= Jawahar Lal Kaul =

Indian Vice-Chancellor

J. L. Kaul was a professor of Law at Campus Law Center, University of Delhi. He is a former Vice-Chancellor of Vikram University, Ujjain, and Hemwati Nandan Bahuguna Garhwal University. He has over 30 years of experience in international trade law and human rights and had written several books and articles. He is the president of All India Law Teachers' Association since 2005 and executive member of Indian Society of International Law, New Delhi. He received his Ph.D. in law from Maharishi Dayanand University, LL.M. from the iconic Punjab University Law College and LL.B. from Delhi University. He is the provost, Jubilee Hall, University of Delhi, since 2008. He is Member, Executive Council, Indian Society of International Law, New Delhi since 2009. He is Fellow, Institute of Globalization and International Relations, Maastricht University, Netherlands. He is visiting fellow, Bangor University Law School, Republic of Wales since 2012. He is also Visiting Fellow, University of St. Thomas School of Law, Minneapolis, (USA) since 2014.

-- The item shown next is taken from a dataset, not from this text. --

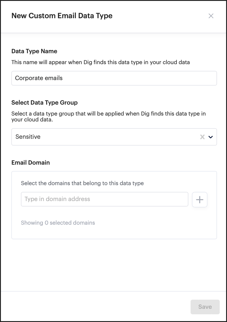 - Email Domain - enter one or more email domains that you want to associate with this data type. After typing each domain, click + to add it.

In November 2017, a proposal to dismiss Jawahar Lal Kaul of the Hemvati Nandan Bahuguna Garhwal University was sent by the Ministry of Human Resource Development to the president, Ram Nath Kovind. The HRD ministry, in December 2017, sacked Hemvati Nandan Bahuguna Garhwal (HNBG) University vice-chancellor Jawahar Lal Kaul for administrative irregularities. Kaul allegedly allowed affiliated colleges to increase their intake in some courses to 200 seats, violating rules that limit the number at 60 and 80 in some cases. He also allegedly decided to make it cheaper than prescribed for colleges to get affiliation with the university.

Kaul is the third central university head — after Sushanta Dattagupta of Visva-Bharati University and Chandra Krishnamurthy of Pondicherry University — to be dismissed by the incumbent government.